A great majority of Ca_v3.1 expression is found in the thalamic region (Talley et al., 1999) and was shown to specifically correlate with the modulation of thalamocortical-related rhythms and stability of sleep level (Anderson et al., 2005; Lee et al., 2004). To identify a possible role of the thalamic region in ethanol resistance, we knocked down the expression of Ca_v3.1 in the MD and a VB region, two regions possibly involved in a thalamic control of consciousness (He et al., 2015; Choi et al., 2015; Cheong et al., 2009), using a lentivirus (LV)-mediated short hairpin (shRNA) delivery.

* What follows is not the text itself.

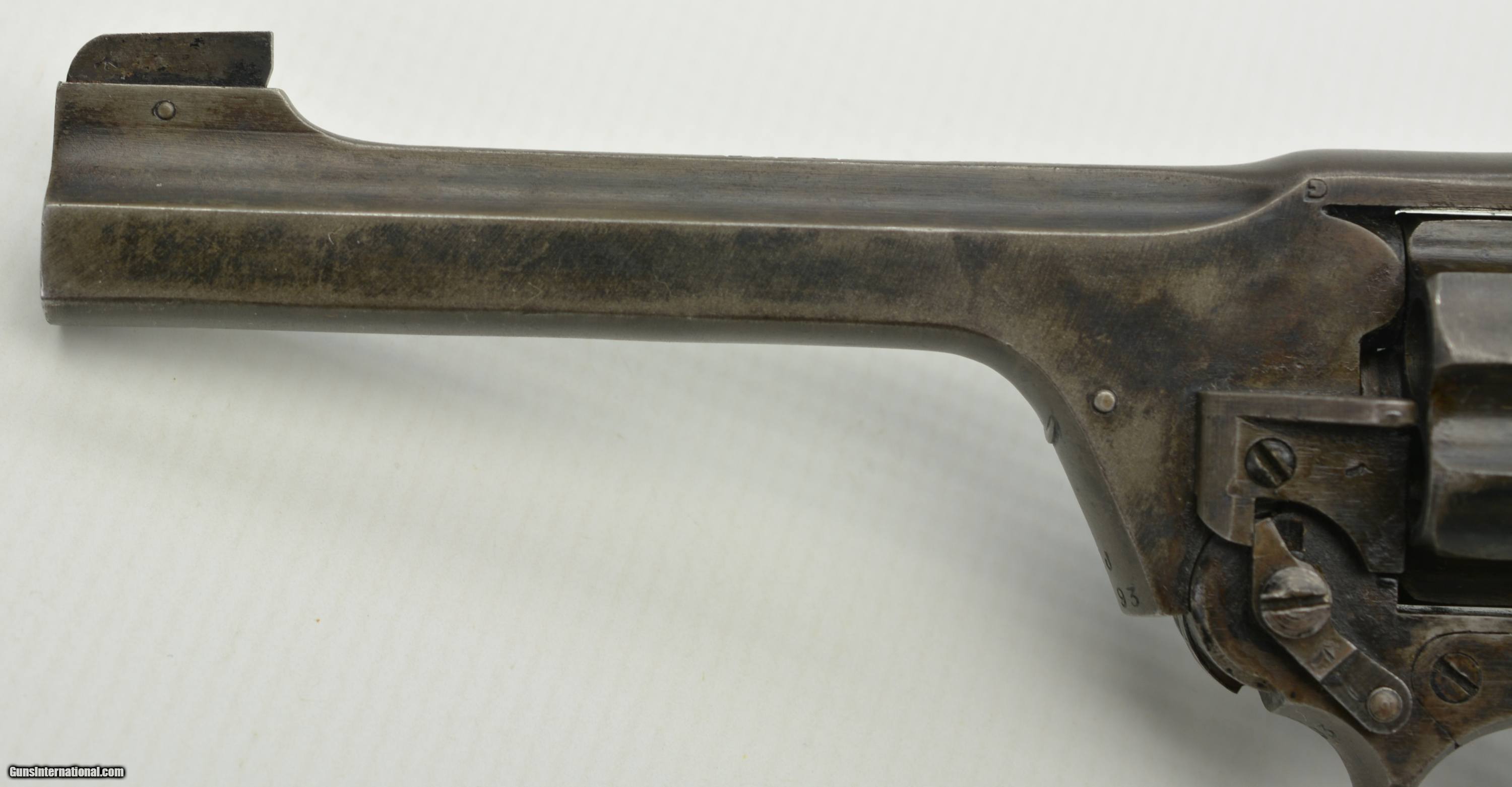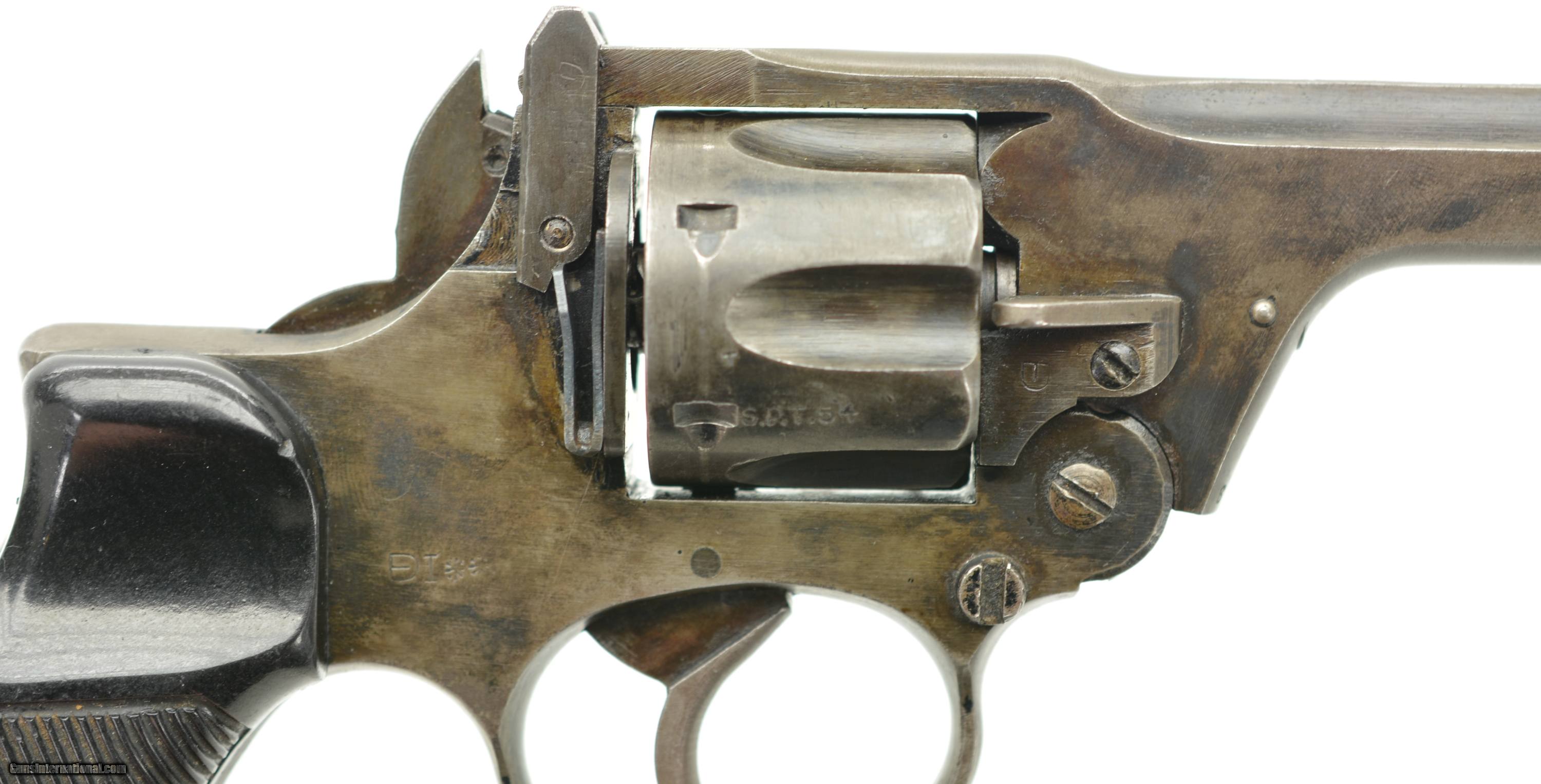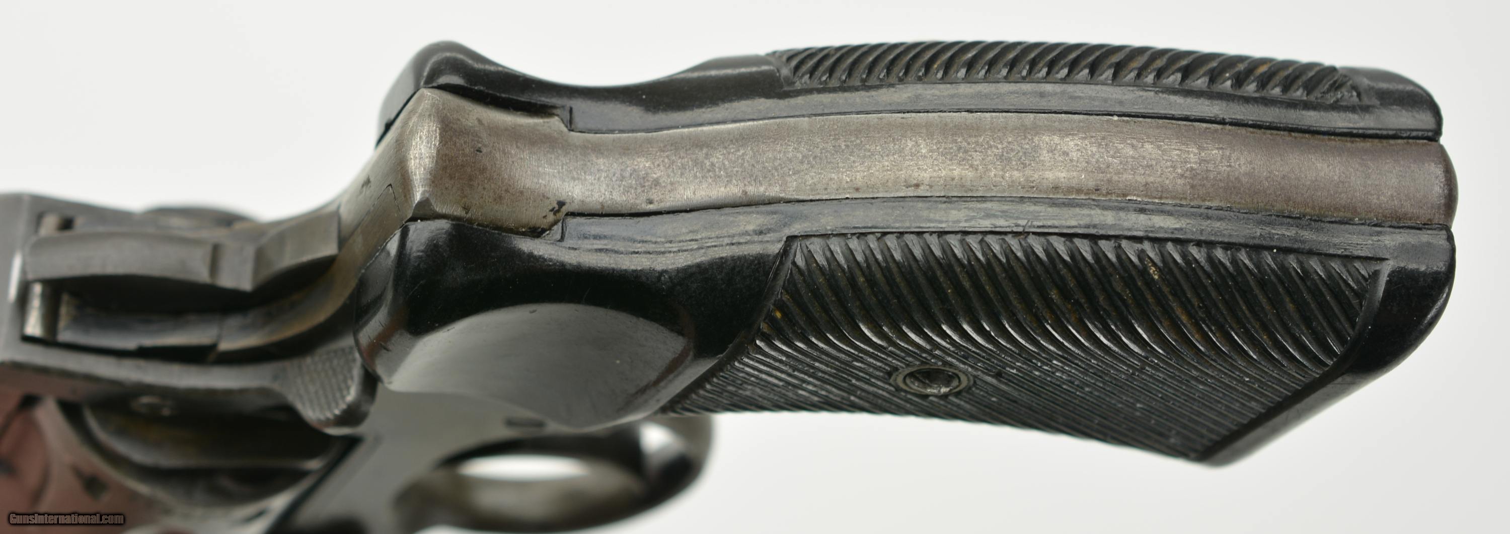 Description: Serial #ZJ6693, .38/200 British, 5 inch barrel with an excellent, bright bore. This 1945 dated, double-action only revolver has matching numbers on the frame, cylinder, and barrel with the metal retaining about 50-60% of the wartime matte blue finish, and a mottled plum-brown patina on the balance. There is some further silvering at the muzzle, as well as along the high edges and projections. The grooved Bakelite grips are in fine shape with some minor handling marks and small chips on both panels. The brass disk has been etched with a decorative rose motif at some point, and the lock-up is tight, and the mechanism fully functional. This is one of the last batch of Enfield .38 revolvers, as the highest known serial is in the ZJ7xxx range. This example is in very good plus condition overall. FFL or C&R SOLD Curio/Relic: Yes Manufacturer: British Model: No. 2 Serial Number: ZJ6693 Caliber Info: .38 S&W Gauge Info: .38 S&W |

We found that compared to shControl-injected mice, Ca_v3.1 knockdown (KD) of MD resulted in an increased latency to (Figure 2A1; t(27) = –3.0045, p=0.0057; Student’s t-test) and duration of (Figure 2A2; t(27) = 2.1448, p=0.0411; Student’s t-test) fLOM, and total time spent in LOM (Figure 2A3; t(27) = 2.6641, p=0.0128, two-tailed test) for 3.0 g/kg i.p. injection of ethanol. However, we found that compared to shControl-injected mice, Ca_v3.1 KD of VB did not change the latency to (t(8) = –1.0093, p=0.3423, two-tailed test), duration of (t(8) = –0.0983, p=0.9241, two-tailed test) fLOM and total time spent in LOM (t(8) = –0.6317, p=0.5452, two-tailed test) for the same 3.0 g/kg i.p. injection of ethanol (Figure 2—figure supplement 1). Representative traces of mice activity showed that mice with Ca_v3.1 KD in MD (Figure 2—figure supplement 2A) had a more delayed and fragmented early period of LOM compared to MD LV-shControl- and VB-injected mice, as in mutant mice.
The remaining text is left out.